自分のやりたいようにやったらええよ。
喫茶店で、私は上司にそう言われた。
当時、仕事でミスし私は相当落ち込んでいた。同僚にも冷たい視線を浴びせられ、仕事でわからないことがあっても気軽に相談できずにいた。
それを見かねた上司が、昼休みに私を喫茶店に誘ったのだ。私は上司に何を言われるのだろうと内心びくびくして上司に付いて行った。
喫茶店は職場から道路を隔てて道向かいにあった。上司はマスターに声をかけホットコーヒーとトーストを2人分頼んだ。
「きみ、家からココまでどうやって来てるの?」上司はおもむろに口を開き尋ねた。「電車で、通勤時間は1時間ほどです。」私は少し拍子抜けしたが安堵感が湧いてきた。上司は毎朝必ずこの喫茶店に立ち寄りコーヒーを一杯飲んでから職場に入るという。上司は定年を間近にひかえ、皆から親しみをこめて「じい」と呼ばれていた。飄々とした性格であるが、ここぞという場面ではとても頼りになる上司であった。
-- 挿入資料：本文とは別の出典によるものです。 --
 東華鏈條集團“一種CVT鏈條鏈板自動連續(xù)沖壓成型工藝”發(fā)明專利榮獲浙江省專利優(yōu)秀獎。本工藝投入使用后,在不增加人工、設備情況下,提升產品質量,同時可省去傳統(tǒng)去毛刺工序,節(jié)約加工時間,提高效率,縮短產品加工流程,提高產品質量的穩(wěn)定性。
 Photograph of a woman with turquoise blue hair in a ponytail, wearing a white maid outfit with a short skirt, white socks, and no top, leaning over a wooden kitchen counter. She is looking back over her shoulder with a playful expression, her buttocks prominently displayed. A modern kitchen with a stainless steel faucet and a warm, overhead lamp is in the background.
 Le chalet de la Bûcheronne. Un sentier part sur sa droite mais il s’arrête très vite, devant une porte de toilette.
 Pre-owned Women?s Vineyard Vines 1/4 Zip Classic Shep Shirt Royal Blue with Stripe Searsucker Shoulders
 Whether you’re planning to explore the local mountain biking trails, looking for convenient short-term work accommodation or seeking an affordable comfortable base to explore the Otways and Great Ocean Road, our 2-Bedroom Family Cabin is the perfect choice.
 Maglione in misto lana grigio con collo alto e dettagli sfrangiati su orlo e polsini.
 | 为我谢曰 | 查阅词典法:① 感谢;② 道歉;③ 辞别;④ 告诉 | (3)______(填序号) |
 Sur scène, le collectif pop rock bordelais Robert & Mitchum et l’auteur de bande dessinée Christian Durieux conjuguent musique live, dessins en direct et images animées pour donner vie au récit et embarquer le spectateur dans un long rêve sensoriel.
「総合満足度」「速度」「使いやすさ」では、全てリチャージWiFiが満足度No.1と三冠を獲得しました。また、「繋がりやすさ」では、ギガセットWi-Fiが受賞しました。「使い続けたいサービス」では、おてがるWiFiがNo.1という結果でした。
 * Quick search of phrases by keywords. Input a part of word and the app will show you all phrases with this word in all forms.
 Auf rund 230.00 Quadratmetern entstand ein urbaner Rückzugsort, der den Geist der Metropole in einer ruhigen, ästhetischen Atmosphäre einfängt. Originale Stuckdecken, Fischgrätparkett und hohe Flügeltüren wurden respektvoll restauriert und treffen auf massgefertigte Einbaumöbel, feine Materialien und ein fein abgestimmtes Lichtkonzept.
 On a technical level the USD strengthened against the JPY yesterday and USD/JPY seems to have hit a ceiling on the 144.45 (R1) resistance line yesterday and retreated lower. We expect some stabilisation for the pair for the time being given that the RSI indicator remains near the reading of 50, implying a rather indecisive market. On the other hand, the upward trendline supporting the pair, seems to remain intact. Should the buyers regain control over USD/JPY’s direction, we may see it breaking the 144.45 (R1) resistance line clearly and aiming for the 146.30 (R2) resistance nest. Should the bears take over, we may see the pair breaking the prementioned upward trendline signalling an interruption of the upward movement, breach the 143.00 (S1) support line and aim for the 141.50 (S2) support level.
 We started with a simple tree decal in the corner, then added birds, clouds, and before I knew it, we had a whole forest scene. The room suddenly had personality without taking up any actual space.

それは、窓口で相談者が無理難題をいって担当者が対応に苦慮していたときであった。呼ばれて上司が出てきた。「今日は暑いでしょう。とりあえず座って休みましょうか。」上司はカウンターから出てきて相談者を後ろの長椅子に座らせた。上司は相談者の横に座った。相談者は少しお酒に酔っていて、話す内容が支離滅裂であったが、上司は丁寧に話を聴いた。声を荒げていた相談者も、落ち着きを取り戻し、自分の言った言葉につじつまが合わないことに気付いたのか言葉が出てこなくなった。「ちょっとしんどそうだし、酔いが醒めたらまた来てください。」上司はそう言い、相談者も納得して帰っていった。
相手を思いやる自然な応対。私は上司のようになりたい、そう思った。喫茶店で私は上司にそう話した。上司は笑みを浮かべた。「なかなか大変なこともあったけれど。まあ、何とかなるよ。」
上司と私は、出されたトーストにバターを塗り、熱々のうちに食べた。その後コーヒーを飲みながら、趣味の話や世間話をして過ごした。私はその間、上司のような応対が出来るか考えていた。私は、話が回りくどく相談者を怒らせたりする。規則だから出来ないと言ってこれまた相談者の怒らせてしまう。
要領悪く融通の利かない私が上司のようになれるのか。
私が少しうつむいていたところ、上司が言葉を掛けた。
「きみ、まあそんなに考え込むことはないよ。きみはきみの良い所があるんだし、それを伸ばしていったらいいんじゃないかな。自分のやりたいようにやったらええよ。そうしたら、きっと仕事もうまくいくよ。」
上司と私は、喫茶店を出て、職場に戻り午後に仕事を始めた。
あれから、3年経った。窓口で相談者の応対をする時、私は当時の上司のことを思い出す。相手の立場に立った応対、自分にしか出来ない応対を目標に仕事をしている。相談者が安心し納得し希望を持てるように、私は常に切磋琢磨している。私はある時、ふと、喫茶店で上司が伝えたかったことを考えた。
あの時、上司が私に伝えたかったのは目標をもって努力することだったのかもしれない。
私も年齢を重ね部下を持ったとき、部下に指導するにはどうすればいいか、その時、また色々と悩むことが出てくると思うが、喫茶店での上司の言葉を思い出し、切磋琢磨したいと思う。